▶ [Given information]:
◇ ◇ ◇ ◇

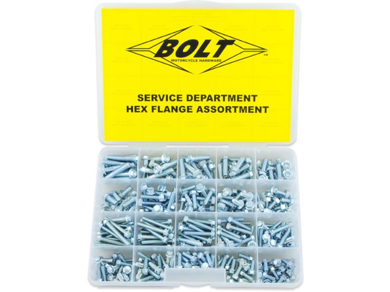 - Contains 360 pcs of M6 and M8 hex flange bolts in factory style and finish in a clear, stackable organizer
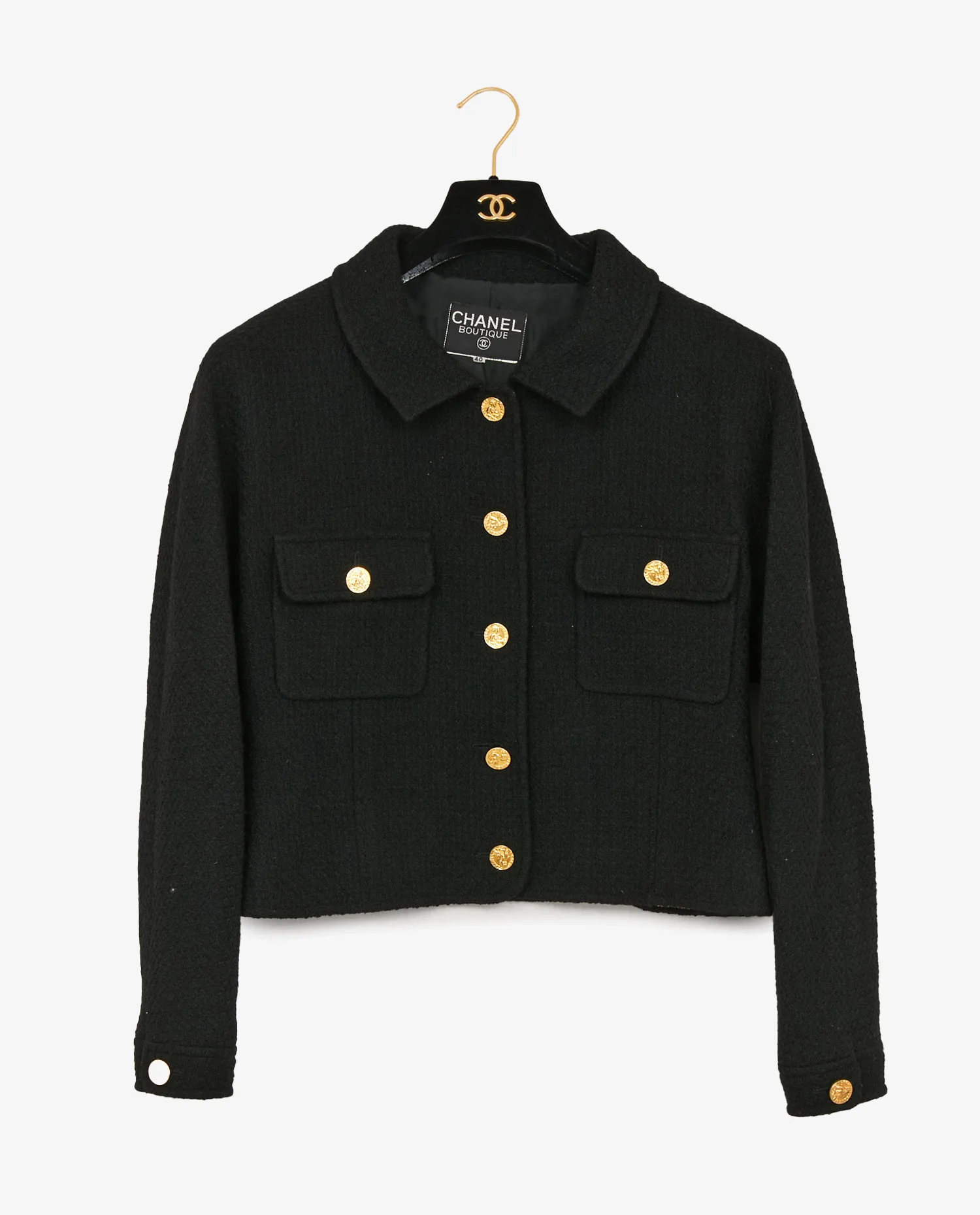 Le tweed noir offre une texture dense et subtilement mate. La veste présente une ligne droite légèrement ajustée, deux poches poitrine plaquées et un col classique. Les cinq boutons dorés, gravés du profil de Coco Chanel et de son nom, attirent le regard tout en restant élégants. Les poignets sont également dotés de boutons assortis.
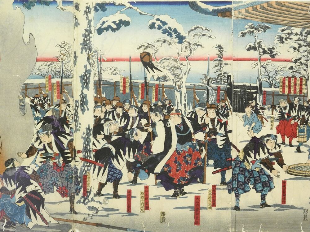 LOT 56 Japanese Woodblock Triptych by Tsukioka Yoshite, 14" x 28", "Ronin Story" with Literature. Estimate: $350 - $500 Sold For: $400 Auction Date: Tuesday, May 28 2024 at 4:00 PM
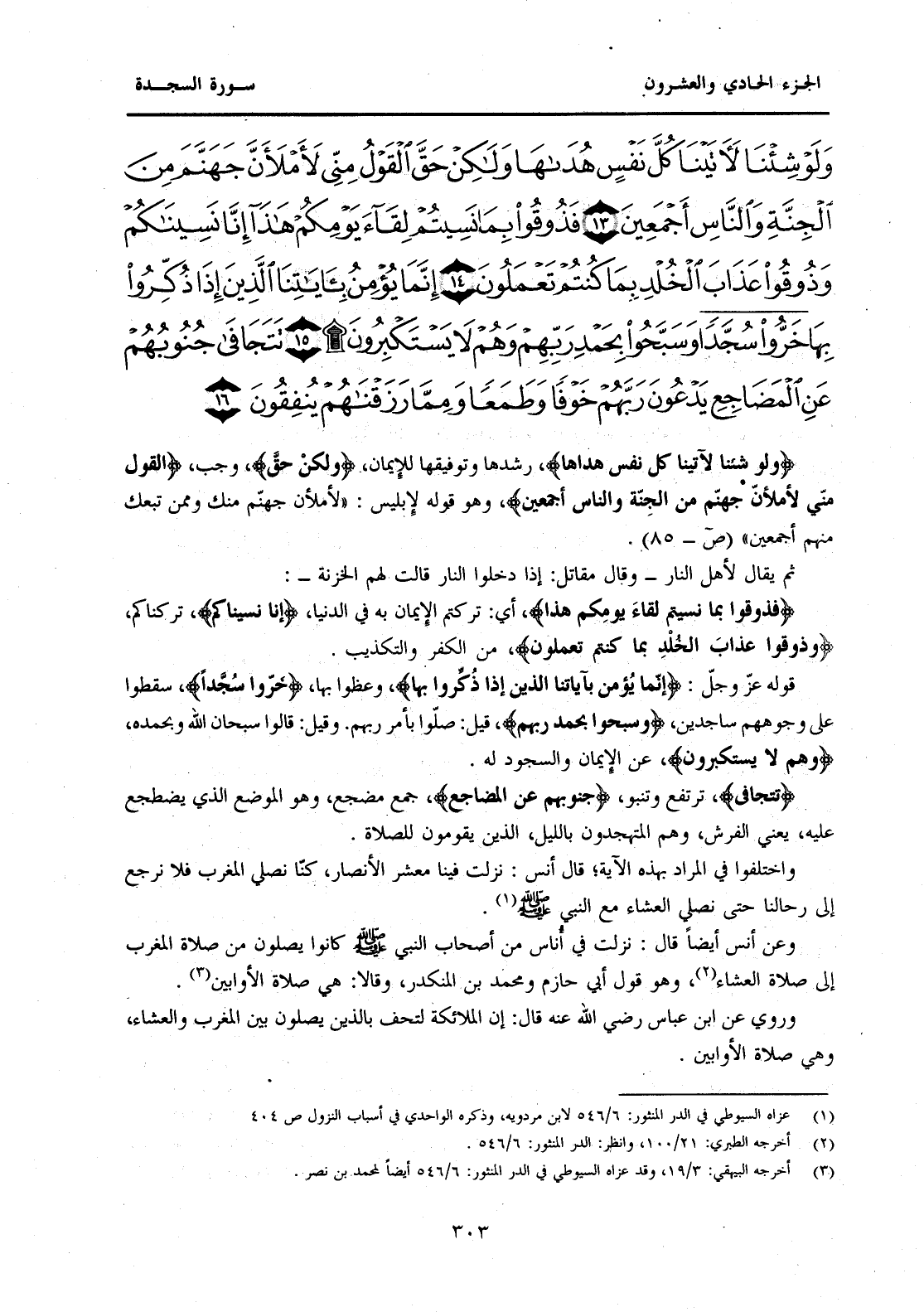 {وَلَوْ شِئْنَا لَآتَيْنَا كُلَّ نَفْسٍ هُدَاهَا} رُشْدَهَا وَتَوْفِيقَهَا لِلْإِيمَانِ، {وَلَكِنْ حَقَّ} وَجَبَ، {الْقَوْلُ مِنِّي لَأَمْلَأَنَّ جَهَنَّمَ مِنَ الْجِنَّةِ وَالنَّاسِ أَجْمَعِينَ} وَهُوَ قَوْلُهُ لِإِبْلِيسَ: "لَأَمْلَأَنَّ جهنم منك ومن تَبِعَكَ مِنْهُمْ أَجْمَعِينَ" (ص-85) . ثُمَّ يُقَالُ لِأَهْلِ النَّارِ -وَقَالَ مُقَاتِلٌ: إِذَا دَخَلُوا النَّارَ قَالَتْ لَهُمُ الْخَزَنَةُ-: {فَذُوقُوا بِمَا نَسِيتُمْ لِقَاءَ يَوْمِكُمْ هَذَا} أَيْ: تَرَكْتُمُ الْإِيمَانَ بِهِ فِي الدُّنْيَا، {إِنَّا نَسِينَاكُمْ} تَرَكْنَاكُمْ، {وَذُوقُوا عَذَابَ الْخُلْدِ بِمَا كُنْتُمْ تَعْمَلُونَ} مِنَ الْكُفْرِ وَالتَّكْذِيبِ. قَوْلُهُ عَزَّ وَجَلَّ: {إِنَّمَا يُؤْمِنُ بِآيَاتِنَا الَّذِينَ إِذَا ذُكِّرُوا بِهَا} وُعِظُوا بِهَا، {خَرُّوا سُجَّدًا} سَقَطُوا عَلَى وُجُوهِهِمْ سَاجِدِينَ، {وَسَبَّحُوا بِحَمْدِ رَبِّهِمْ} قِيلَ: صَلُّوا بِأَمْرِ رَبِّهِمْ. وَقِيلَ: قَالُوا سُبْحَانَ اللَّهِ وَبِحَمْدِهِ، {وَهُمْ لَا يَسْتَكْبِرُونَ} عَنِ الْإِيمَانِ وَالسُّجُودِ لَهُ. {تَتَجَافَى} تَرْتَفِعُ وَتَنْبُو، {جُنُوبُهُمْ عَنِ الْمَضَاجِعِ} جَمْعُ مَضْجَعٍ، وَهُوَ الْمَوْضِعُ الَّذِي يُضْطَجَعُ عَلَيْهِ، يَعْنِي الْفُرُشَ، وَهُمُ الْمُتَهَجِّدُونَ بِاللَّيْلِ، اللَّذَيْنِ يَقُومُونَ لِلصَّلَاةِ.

◇ ◇ ◇ ◇

Print exactly, and only, the lines from the one with "LOT 56 Japanese" through the last line of the listing above. No pictures belong in the copy.

▶ [Answer section]:
 LOT 56 Japanese Woodblock Triptych by Tsukioka Yoshite, 14" x 28", "Ronin Story" with Literature. Estimate: $350 - $500 Sold For: $400 Auction Date: Tuesday, May 28 2024 at 4:00 PM
 {وَلَوْ شِئْنَا لَآتَيْنَا كُلَّ نَفْسٍ هُدَاهَا} رُشْدَهَا وَتَوْفِيقَهَا لِلْإِيمَانِ، {وَلَكِنْ حَقَّ} وَجَبَ، {الْقَوْلُ مِنِّي لَأَمْلَأَنَّ جَهَنَّمَ مِنَ الْجِنَّةِ وَالنَّاسِ أَجْمَعِينَ} وَهُوَ قَوْلُهُ لِإِبْلِيسَ: "لَأَمْلَأَنَّ جهنم منك ومن تَبِعَكَ مِنْهُمْ أَجْمَعِينَ" (ص-85) . ثُمَّ يُقَالُ لِأَهْلِ النَّارِ -وَقَالَ مُقَاتِلٌ: إِذَا دَخَلُوا النَّارَ قَالَتْ لَهُمُ الْخَزَنَةُ-: {فَذُوقُوا بِمَا نَسِيتُمْ لِقَاءَ يَوْمِكُمْ هَذَا} أَيْ: تَرَكْتُمُ الْإِيمَانَ بِهِ فِي الدُّنْيَا، {إِنَّا نَسِينَاكُمْ} تَرَكْنَاكُمْ، {وَذُوقُوا عَذَابَ الْخُلْدِ بِمَا كُنْتُمْ تَعْمَلُونَ} مِنَ الْكُفْرِ وَالتَّكْذِيبِ. قَوْلُهُ عَزَّ وَجَلَّ: {إِنَّمَا يُؤْمِنُ بِآيَاتِنَا الَّذِينَ إِذَا ذُكِّرُوا بِهَا} وُعِظُوا بِهَا، {خَرُّوا سُجَّدًا} سَقَطُوا عَلَى وُجُوهِهِمْ سَاجِدِينَ، {وَسَبَّحُوا بِحَمْدِ رَبِّهِمْ} قِيلَ: صَلُّوا بِأَمْرِ رَبِّهِمْ. وَقِيلَ: قَالُوا سُبْحَانَ اللَّهِ وَبِحَمْدِهِ، {وَهُمْ لَا يَسْتَكْبِرُونَ} عَنِ الْإِيمَانِ وَالسُّجُودِ لَهُ. {تَتَجَافَى} تَرْتَفِعُ وَتَنْبُو، {جُنُوبُهُمْ عَنِ الْمَضَاجِعِ} جَمْعُ مَضْجَعٍ، وَهُوَ الْمَوْضِعُ الَّذِي يُضْطَجَعُ عَلَيْهِ، يَعْنِي الْفُرُشَ، وَهُمُ الْمُتَهَجِّدُونَ بِاللَّيْلِ، اللَّذَيْنِ يَقُومُونَ لِلصَّلَاةِ.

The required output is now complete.